I offered to write a book about coffee for Rowman and Littlefield, and my editor liked the idea; she had handled “Coffee: A Comprehensive Guide,” with articles by me and by people around the world. We agreed that the new book, all of which I would write, should be fairly short. The plan was to bring a lot of research together and to get it up to date. Of course, the industry changes so fast that no book can be absolutely up to date.

I started the book from the ground up with the plant and research on it, then moved to roasting and making coffee, and then to a third section on coffee and health, including the social/political challenge that coffee posed when it first appeared in Arabia and England. I asked why coffee has become so popular even in tea-drinking cultures. To answer that I used the concept of sophistication from an early date to the present, for which I even evoked French theorists. A lot of my task was to take a mass of information and sift through it to decide what was really new, what was important for the industry, and what I could present clearly. One of my particular interests was to take a detached look at organic farming, which has been romanticized.

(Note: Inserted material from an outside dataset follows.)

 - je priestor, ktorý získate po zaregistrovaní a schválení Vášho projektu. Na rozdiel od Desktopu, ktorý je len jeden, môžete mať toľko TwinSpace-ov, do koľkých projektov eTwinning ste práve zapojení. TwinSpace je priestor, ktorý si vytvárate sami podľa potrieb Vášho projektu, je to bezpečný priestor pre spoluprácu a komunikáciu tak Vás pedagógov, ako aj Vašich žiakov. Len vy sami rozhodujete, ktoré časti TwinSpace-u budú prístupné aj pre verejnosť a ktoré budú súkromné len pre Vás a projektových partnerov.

What kind of reader did you have in mind as you were writing the book? Who is the target audience for this resource?

I wanted to write a book that any literate person could read, so I tried to make everything simple but not too simple. Perhaps I have some knack for that approach, developed over a long period of teaching and writing. I remember an old Department of Agriculture slogan, “put the fodder down where the calves can get at it.” No offense to calves or anyone else; in fact, I hope that experienced people in the industry will find my book handy in some ways. I also hope that the book will appeal to people interested in globalism, social and political justice, eco-tourism, sustainable agriculture, public health, and the concept of sophistication as it relates to food and drink.

How did you become interested in coffee? How are you involved in the coffee industry today?

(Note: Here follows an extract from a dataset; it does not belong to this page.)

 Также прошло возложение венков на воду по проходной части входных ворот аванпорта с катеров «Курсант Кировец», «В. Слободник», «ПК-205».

Everyone in the industry remembers the first cup of good coffee. I had mine long ago, when I was a grad student. Then, still decades ago, someone gave me a burr grinder. That made me look for good beans. In about 2002, when I was a history professor, I decided to teach something that involved globalization and brought the past right up to the present — coffee was an easy choice. My university then, Miami (Ohio), funded my first trip to origin, in 2004, to Ethiopia and Kenya. I was terribly ignorant, but people were great about my dumb questions. Then, given my rising desire to get my hands dirty and to see if I could make a business work, I found several partners and opened a roastery/coffee bar, Oxford Coffee Company, in 2012. Talk about a learning curve! Things were pretty complicated for a while because I was still teaching; I retired from that in 2015. But I have various projects going and hardly feel retired, although I don’t make many lattes these days. My daughter runs the company, and we get along well in the business.

What do you love most about coffee?

Several things: that I can appreciate all that goes into the product from the earth up, and I understand much about the difficulties that farmers have to deal with (and about which I am very worried); the endless possibilities in cups of coffee; flavors and subtle finishes, etc., continue to surprise and delight me — if the beans are good and all has gone well to the point of making the liquor.

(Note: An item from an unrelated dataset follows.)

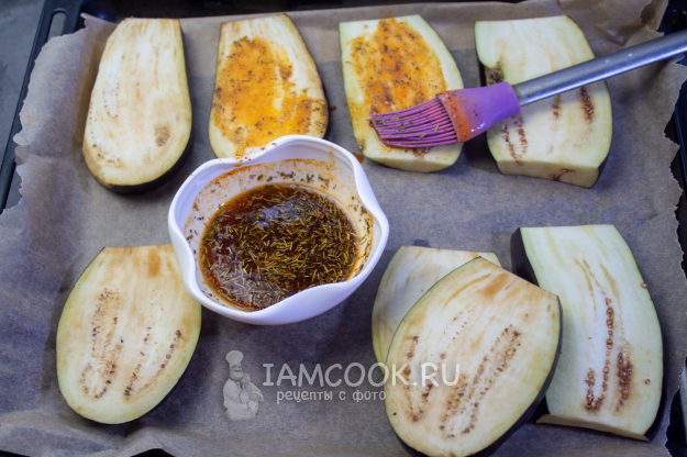 Приготовьте ароматное масло: смешайте оливковое масло со специями. Этим маслом смажьте нарезанный баклажан с двух сторон. Отправьте в разогретую до 200 градусов духовку на 10-15 минут.

How do you make your coffee at home?

I bring beans home from my store and keep them in their bags, rolled up tight, in a cabinet. Each time I make a cup or pot, I weigh the beans, grind them in a good burr grinder, use a dripper cone and paper filter, wet the filter, toss that water out, reweigh the ground beans, dump them into the filter, wet the grounds with filtered water just off the boil, let that sit for 20-25 seconds, then do three pours of water until I reach a ratio of 15 grams of water per gram of ground coffee. I keep the cup and filter cone on the scale while I pour. For more than one cup, I use a Chemex. This process is not wasteful, I think, because I compost the used grounds and filters together. I like the ritual of making coffee with this much care. It’s good to be a little nuts about something in our lives.